List of councillors under Carleton from 1766 to 1774:

| Member | Appointment | Notes |
|---|---|---|
| Chief Justice William Hey | 1766 | appointed during Murray's term as Governor; Chief Justice of Quebec 1766–1773 |
| Attorney General Francis Maseres (1731–1824) | 1766 | served until 1769; lawyer, office holder, and author |
| Lieutenant Paulus Aemilius Irving (1714–1796) | 1764 | appointed during Murray's term as governor and till 1768; acting President of the Council 1766–1768; commander-in-chief of British Forces in Quebec and administrator 1766–1768 |
| Hector Theophilus de Cramahé (1720–1788) | 1764 | appointed during Murray's term as governor and served until 1771; Lieutenant Governor of Quebec 1771–1782; later member of the Legislative Council |
| Adam Mabane (1734–1792) | 1764 | appointed during Murray's term as governor and served until 1766; British Army physician and judge; later member of the Legislative Council 1775–1792 |
| Walter Murray (1701?–1772) | 1764 | appointed during Murray's term as governor and served until 1771; relative to then Governor Murray; British Army officer under James Wolfe; head of the Port of Quebec and justice of the peace and Receiver General |
| Captain Samuel Holland (1728–1801) | 1764 | appointed during Murray's term as governor and served until 1770; British Army officer and served as first Surveyor General of British North America |
| Thomas Dunn (1729–1818) | 1764 | appointed during Murray's term as governor and until 1774; colonial administrator and soldier; merchant; master in the Court of Chancery 1764; later member of the Legislative Council |
| François Mounier | 1764 | appointed during Murray's term as governor and served until 1769; Huguenot merchant, justice of the peace; examiner in the Court of Chancery and judge of the Court of Common Pleas 1764–1769 |
| Captain James Cuthbert Sr. (1719–1798) | 1766 | appointed during Murray's term as governor and served until 1774; army officer (15th Regiment of Foot), merchant, justice of the peace; Seigneur of Berthier |
| Benjamin Price (?–1768 or 1769) | 1764 | appointed during Murray's term as governor and served until 1768; merchant, justice of the peace, master in the Court of Chancery 1764–1768 |

==Geography==

Around 1763 to 1764, the province was divided into two judicial districts:

- Montreal District – covering the western parts of Quebec along the St.
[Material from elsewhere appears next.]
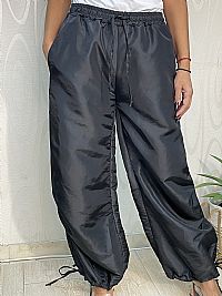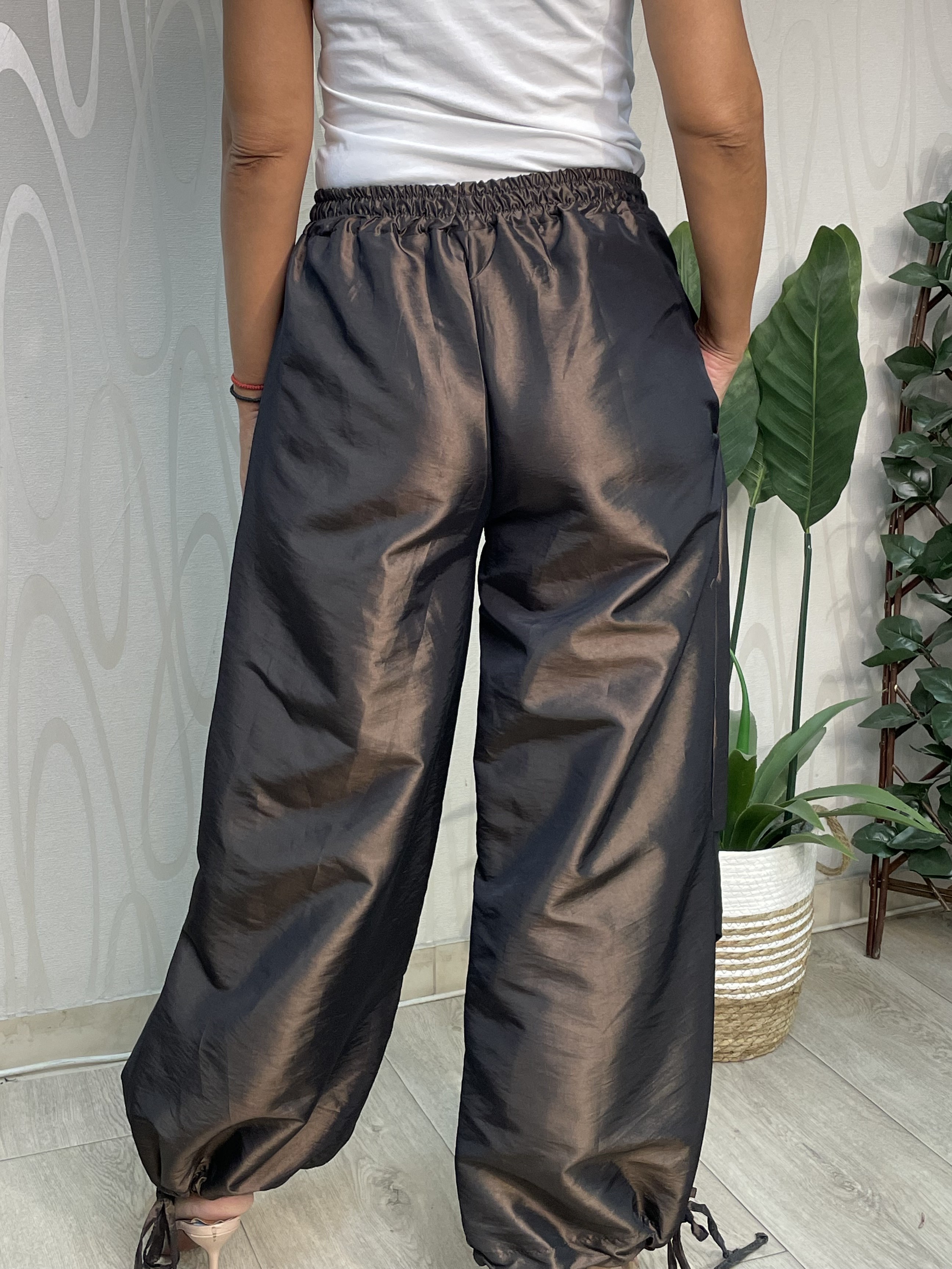Γυναικείο παντελόνι σε ιδιαίτερο μεταλλιζέ ύφασμα, με λάστιχο στη μέση και ρυθμιζόμενο κορδόνι για τέλεια εφαρμογή. Διαθέτει λάστιχο και στο κάτω μέρος, δίνοντας μοντέρνο σπορτίβ chic χαρακτήρα. Καλύπτει έως 110 εκ. μέση και 130 εκ. περιφέρεια. Από 60€ τώρα μόνο 27€.

Lawrence River including Montreal and much of Ontario (Eastern and Southern Ontario)
- Quebec District – covering the eastern parts of Quebec along the St. Lawrence and Labrador

In 1790, the Trois-Rivières District was formed out of part of Quebec District.

The Trois-Rivières and Quebec districts continued after 1791 when Lower Canada came into existence, while Montreal District west of the Ottawa River became Upper Canada and east of the Ottawa River was partitioned into many electoral districts.